Lee County educators dealing with students using chatbots to cheat

Reporter: Samantha Johns Writer: Joey Pellegrino
Published: Updated:

Educators face a new dilemma, as “artificial intelligence” chatbots like ChatGPT have become so popular that students are now using them to get better grades.

ChatGPT is a chatbot that has been fine-tuned—by its programmer and by people who interact with it repeatedly—to give users seemingly educated and detailed responses to their questions. The program launched in November. Users can type in questions, requests or prompts, and the chatbot spits out an answer in seconds.

“When it first came out, I was a little nervous, I’ll be honest,” said Chrissann Ruehle, a management instructor at Florida Gulf Coast University.

“It’s one of those, I think, technologies that’s going to kind of shift the way things are done,” said Kevin Daly, president of the Lee County Teachers Association.

In Lee County, that shift has already started, but not in the direction that so-called artificial intelligence was intended to go. In early February, students at Cape Coral High School were accused of using a chatbot to cheat on their International Baccalaureate essays.

“If you’re just able to go on and ask it to do something, and it does something, you know, that kind of belittles the activity or the process of writing,” Daly said.

Detecting if something was human-written or using artificial intelligence. CREDIT: WINK News

The Cape Coral High IB program coordinator agrees. In an email to parents, the coordinator said using chatbots to generate essays or answers “is a violation of our academic integrity policy.”

Ruehle has a different take.

“Students may be competing with artificial intelligence for jobs in the future, and I think it’s important to prepare our students now so that they can learn they learn how to make decisions with the technology,” Ruehle said.

Daly says he understands that line of thinking, but he believes there’s a certain way chatbots should possibly be used in the classroom.

“If we use it as a tool to support the writing of people… it becomes a tool like the calculator on my cellphone has now become,” Daly said.

Ruehle has found her own use for ChatGPT.

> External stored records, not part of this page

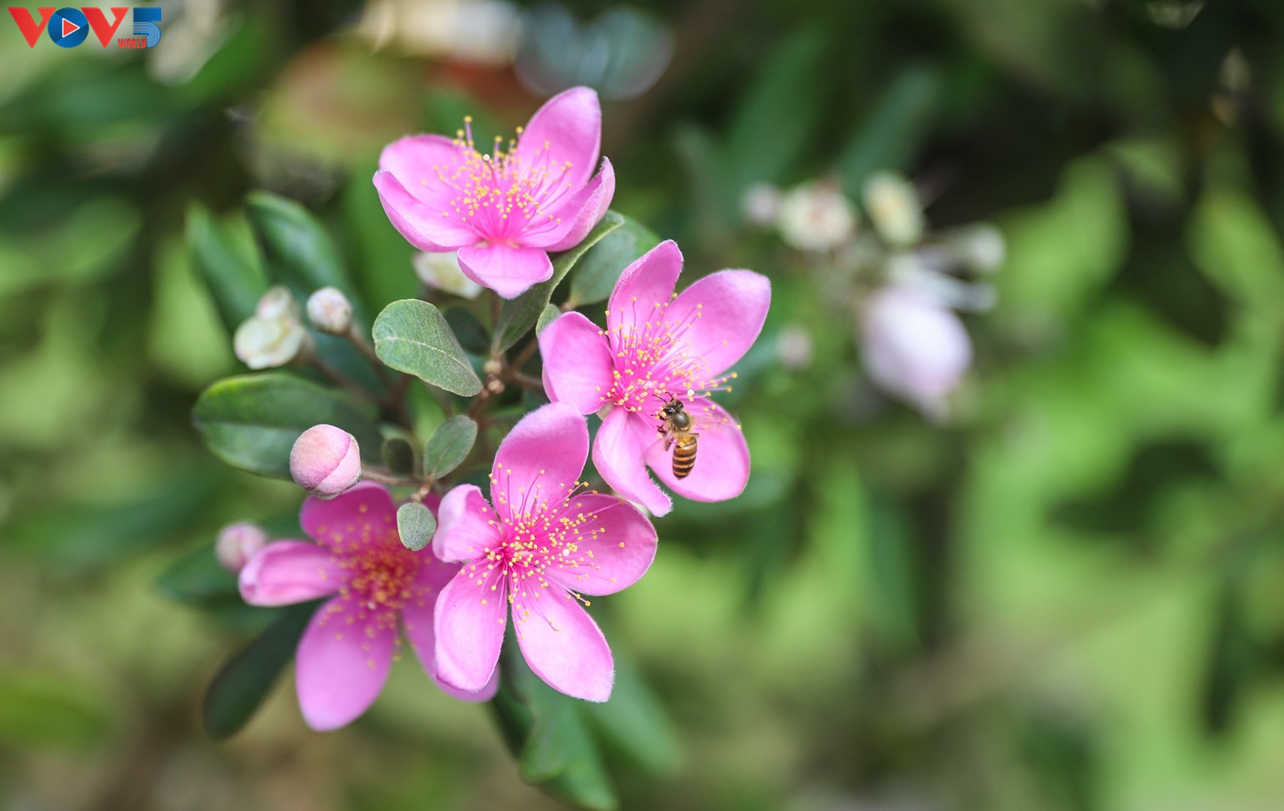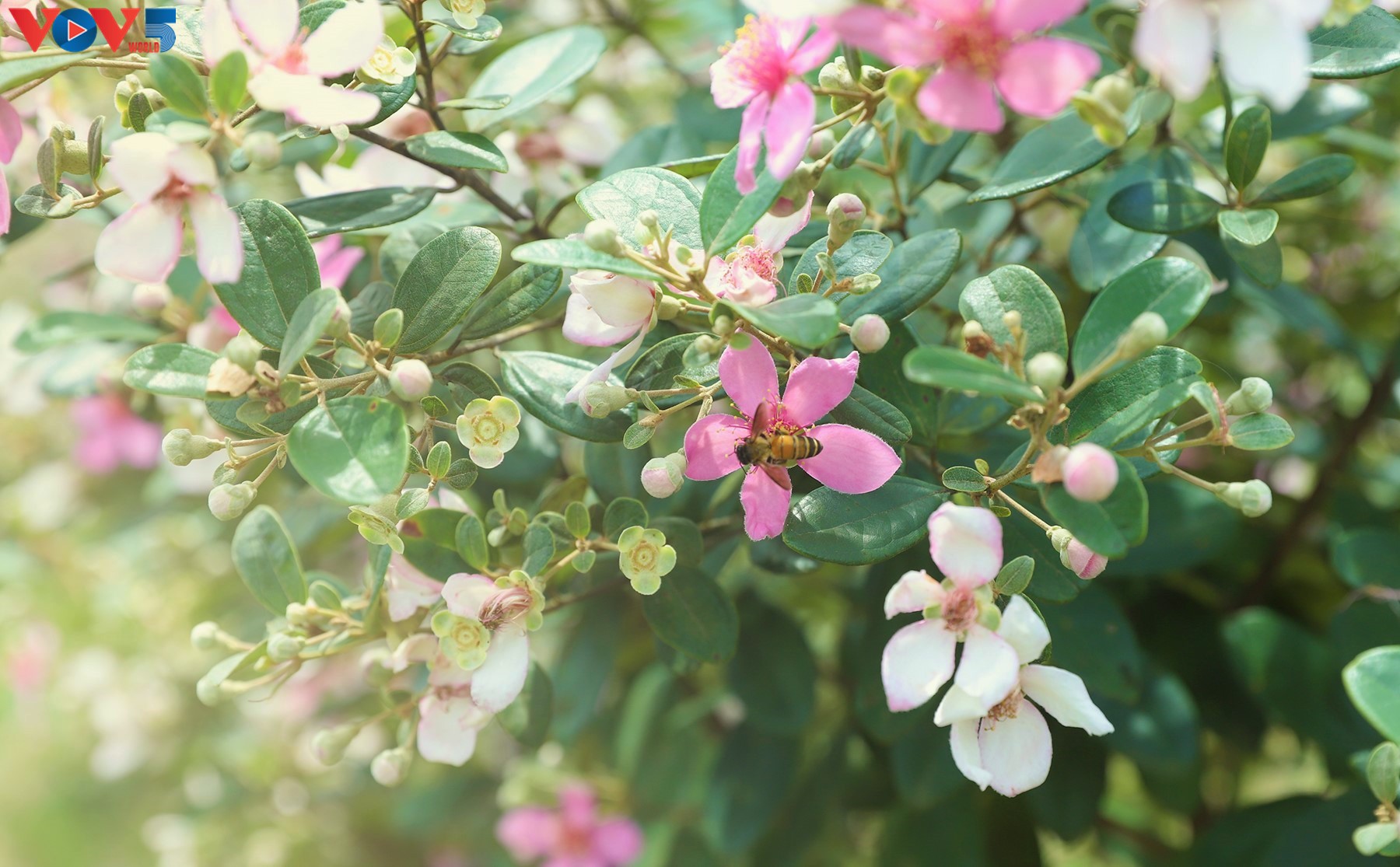 Hoa sim có vẻ đẹp giản dị nhưng thơ mộng nhờ sắc tím pha ánh hồng, 5 cánh bao nhị vàng ươm. Cây sim thân nhỏ mọc thành từng bụi, vốn quen thuộc ở nhiều vùng đồi núi nước ta. |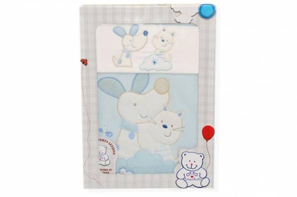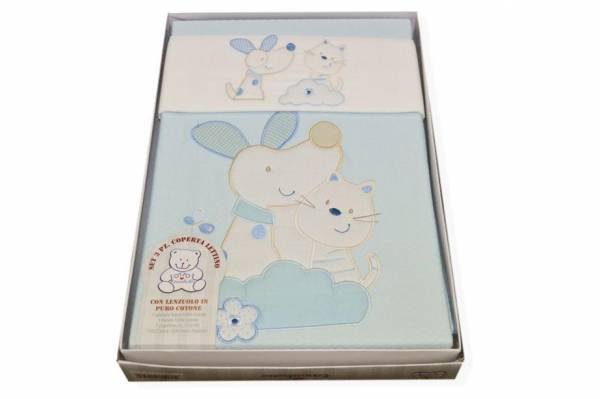 SET 3 PEZZI COPERTA LETTINO DISEGNO CANE E GATTO AZZURRO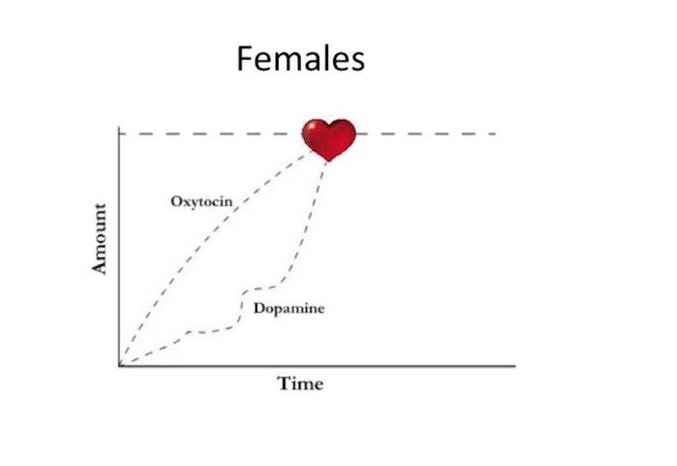 Женщины влюбляются, когда у них увеличивается уровень допамина и окситоцина.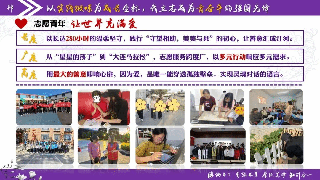 从关爱自闭症儿童到大连马拉松志愿者,她将青春与奉献相连,志愿时长超280小时,获评大连理工大学优秀青年志愿者。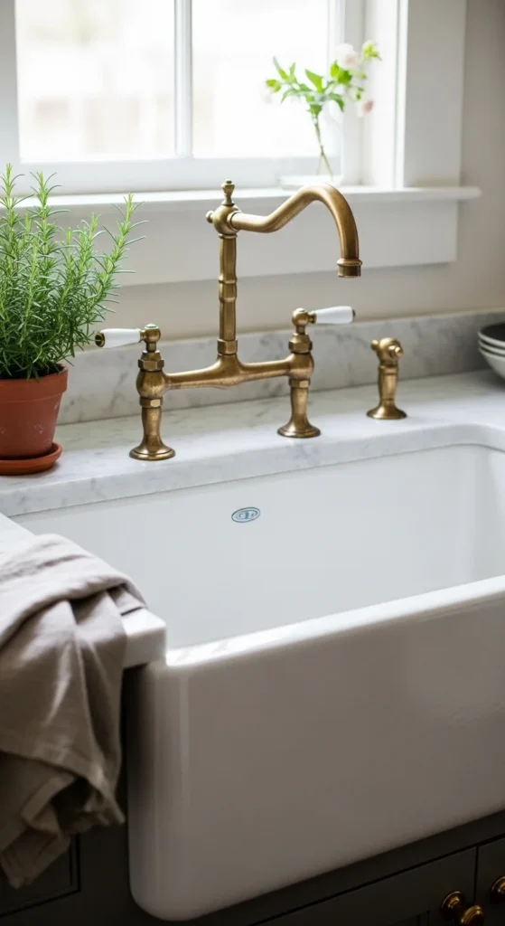 A large, deep, single-basin farmhouse sink in white fireclay is the most classically French choice. Belfast sinks are closely related and equally appropriate. Stone sinks carved from a single piece of limestone or granite are the most extraordinary option for those with budget for them. The tap should be in aged or unlacquered brass, ideally in a bridge or wall-mounted style.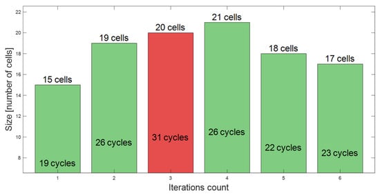The iterative sizing process, using the Golden Section Search algorithm, is illustrated in Figure 13. This approach is designed to optimize the number of LiC cells to maximize autonomy cycles for the one day of autonomy, dynamic temperature, and dynamic load scenario. The figure presents the iteration count and the size in terms of the number of cells. Each bar in the chart represents an iteration that is labeled with the achieved number of autonomy cycles. System simulations are conducted for different cell sizes during this optimization process, with the algorithm suggesting the next cell size for testing based on the current number of autonomy cycles. Following this method, the optimal size was found to be 20 LiC cells at the third iteration as it achieves the highest number of autonomy cycles, while the total number of iterations was six.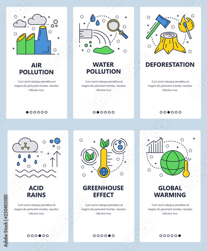 Векторный набор экранов для мобильных приложений. Энергия воды и биомассы, Мусорный бак, Аккумулятор, Развитие энергетики, Веб-шаблоны для очистки воды, баннеры. Тонкие линии искусства плоские иконки для меню веб-сайта.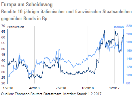 Der große Unsicherheitsfaktor sind die politischen Risiken. So ist die Wirtschafts- und Außenpolitik Donald Trumps immer noch unklar – sie könnte in den kommenden Wochen immer wieder für Konflikte und Unruhe sorgen, insbesondere die Anordnung von protektionistischen Maßnahmen. Europa befindet sich nach dem Brexit-Referendum an einem Scheideweg und die Bevölkerungen in Holland, Frankreich, Italien (wahrscheinlich) und Deutschland müssen bei den Wahlen zeigen, ob sie noch mehrheitlich hinter dem europäischen Integrationsprojekt stehen. Die hohe Unsicherheit über die Zukunft Europas spiegelt sich auch langsam an den Finanzmärkten wider. So sind die Renditen von italienischen und französischen Staatsanleihen in den vergangenen Wochen deutlich stärker gestiegen als die von deutschen Bundesanleihen. Italien und Frankreich müssen also eine deutlich gestiegene Risikoprämie für die Schuldenaufnahme bezahlen.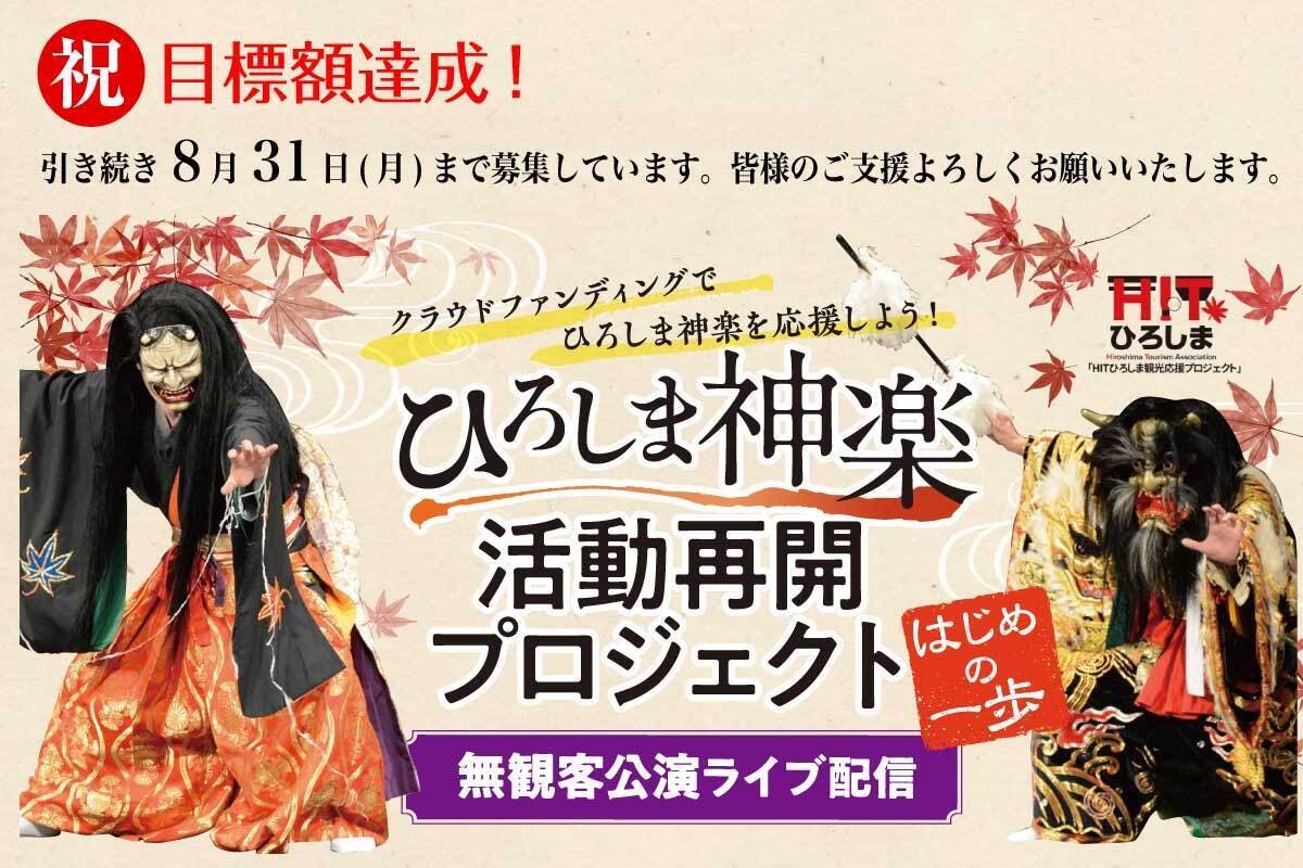 2020/08/31 08:50皆様のご支援を頂いた「ひろしま神楽活動再開プロジェクト」の無観客ライブ配信が、29日(土)の広島県民文化センターからの配信で無事終了することができました。 皆様からのご支援は、本日まで受付を行っていますが、今現在、目標額の120%を超えるご支援を頂いたおります。 本当に有難く関係者一同心より感謝申し上げます。追伸 NPOの事務局のある北広島町では、稲刈りが始まっています。 しかし、豊作を祝う秋まつりは、例年とは異なり、奉納神楽が無いお祭りを迎える事となりそうです。 戦時中でも奉納神楽だけは続いていたそうですが・・・一日も早く今までの日常生活に戻れるよう願うばかりです。どうぞ皆様もお身体にお気を付けになってお過ごしください。 もっと見るひろしま神楽活動再開プロジェクト 29日は、広島県民文化センターより配信します。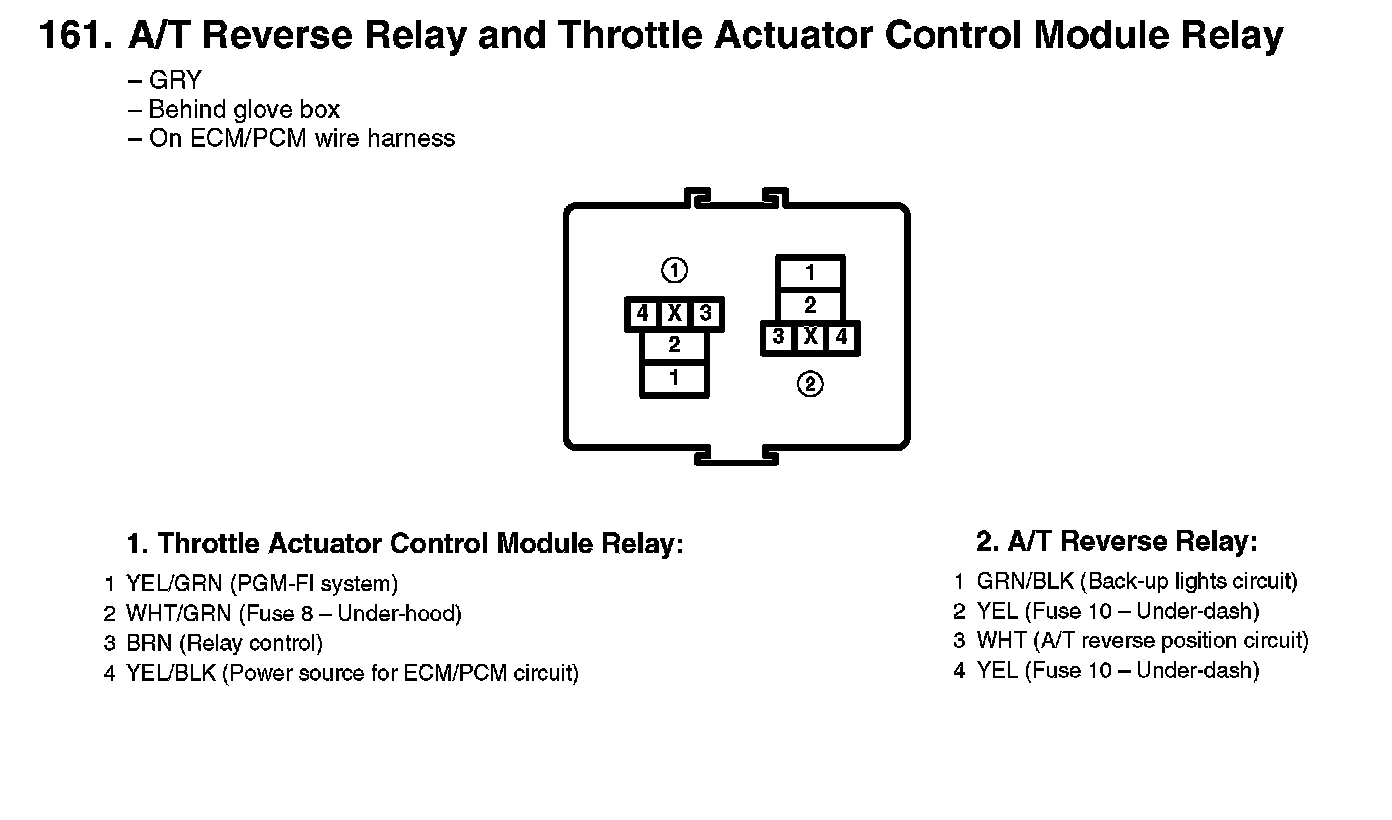161. A/T Reverse Relay And Throttle Actuator Control Module Relay:

“I’m starting to use it for lesson planning,” Ruehle said. “I’m starting to use it as a brainstorming tool… it’s actually helping to fuel a lot of my creativity.”

But not everyone is on board with the idea of welcoming this new technology into the classroom without limits because the bots can search the internet to answer so many different questions.

“Is that an original work of the person?” Daly said. “Or is it the original work of the machine that somebody has allowed the student to quote and declare as their own?”

Educators fear students will use chatbots to cheat, but Eric Wang, vice president of AI for plagiarism detection service Turnitin says it’s not that simple. He says the work of chatbots is not difficult to detect.

“These AI systems, they’re really picking the next word at a time,” Wang said. “They’re not doing anything that different from the keyword autocomplete that’s happening on your phone.”

Knowing ChatGPT isn’t going anywhere, Wang showed how to crack the code with a new program he says can detect traces of ChatGPT’s writing.

“There’s an invisible signal that’s very, very detectable between GPT writing and human writing, and it’s because when you and I read or write, we are jumping around with our ideas and moving around,” Wang said. “Our detectors are actually able to pick that up really, really reliably.”